Jump labels are used everywhere. Looking at vmlinux.o in my kernel:
Relocation section [19621] '.rela__jump_table' for section [19620] '__jump_table' at offset 0x197873c8 contains 11913 entries:
Each jump label entry has 3 entries, so 11913/3 = 3971 jump labels.
$ readelf -s vmlinux.o |grep FUNC |wc -l
46902
3971/46902 = ~8.5%
~8.5% of functions use jump labels.
> > > + How often new problematic features appear?
> >
> > I'm not exactly sure what you mean, but it seems that anytime we add a
> > new feature, we have to try to wrap our heads around how it interacts
> > with the weirdness of late module patching.
>
> I agree that we need to think about it and it makes complications.
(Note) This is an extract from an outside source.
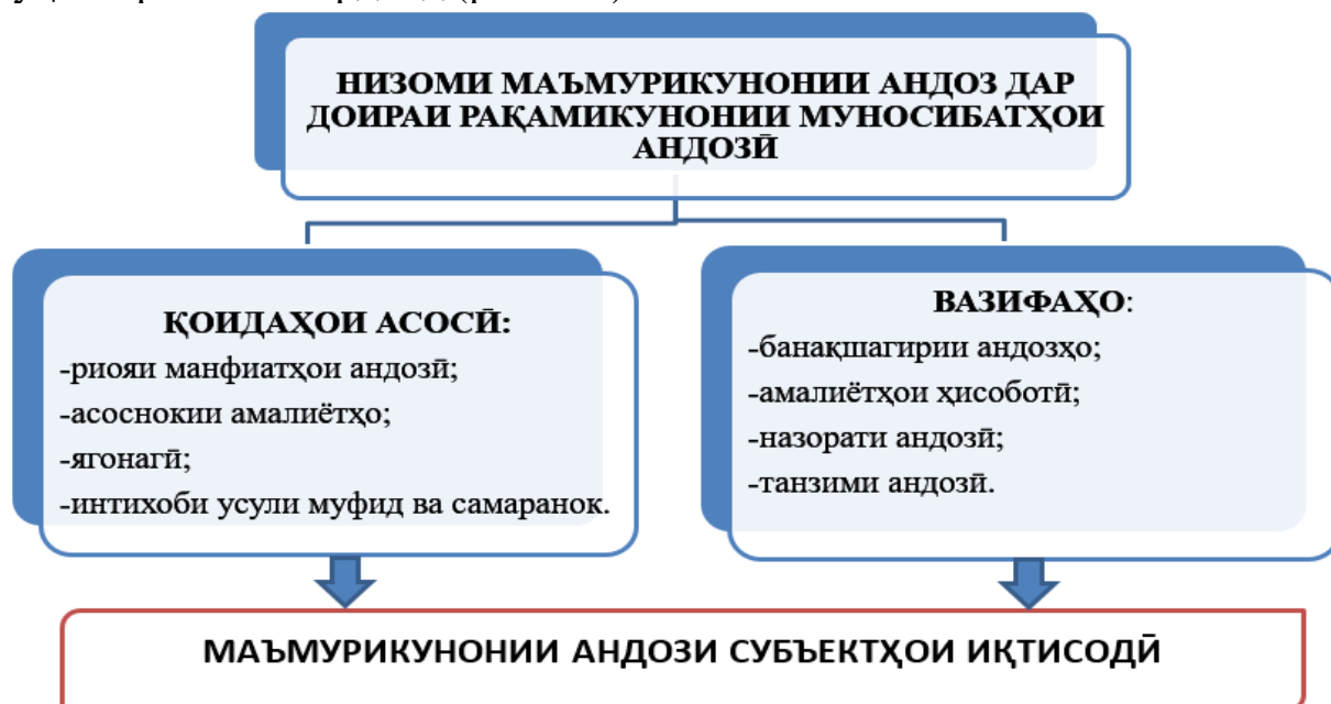
Расми 2. – Қоидаҳо ва вазифаҳои асосии маъмурикунонии андоз дар таъмини танзими низоми андозбандии субъектҳои соҳибкорӣ

маъмурикунонии андозро аз ҳисоби муфид ба роҳ мондани натиҷаҳои корҳои назоратӣ, ҳисоббаробаркунии бақияпулиҳои андоз, баҳисоб гирифтани теъдоди субъектҳои ғайрифаъл ва баинобат гирифтани онҳо хеле муҳим мебошанд, ки онҳо дар омӯзиш ва таҳқиқи қоидаҳои асосӣ ва иҷрои вазифаҳои такмили низоми андозӣ ва маъмурикунонии он низ муҳим арзёбӣ мегарданд (расми 2).

> Anyway, I think that these are never the biggest problems.
>
> I would be more concerned about arch-specific features that might need
> special handling in the livepatch code. Everyone talks only about
> alternatives and jump_labels that were added long time ago.
Jump labels have been around for many years, but we somehow missed
implementing klp.arch for them. As I said this resulted in panics.
There may be other similar cases lurking, both in x86 and other arches.
It's not a comforting thought!
And each case requires special klp code in addition to the real code.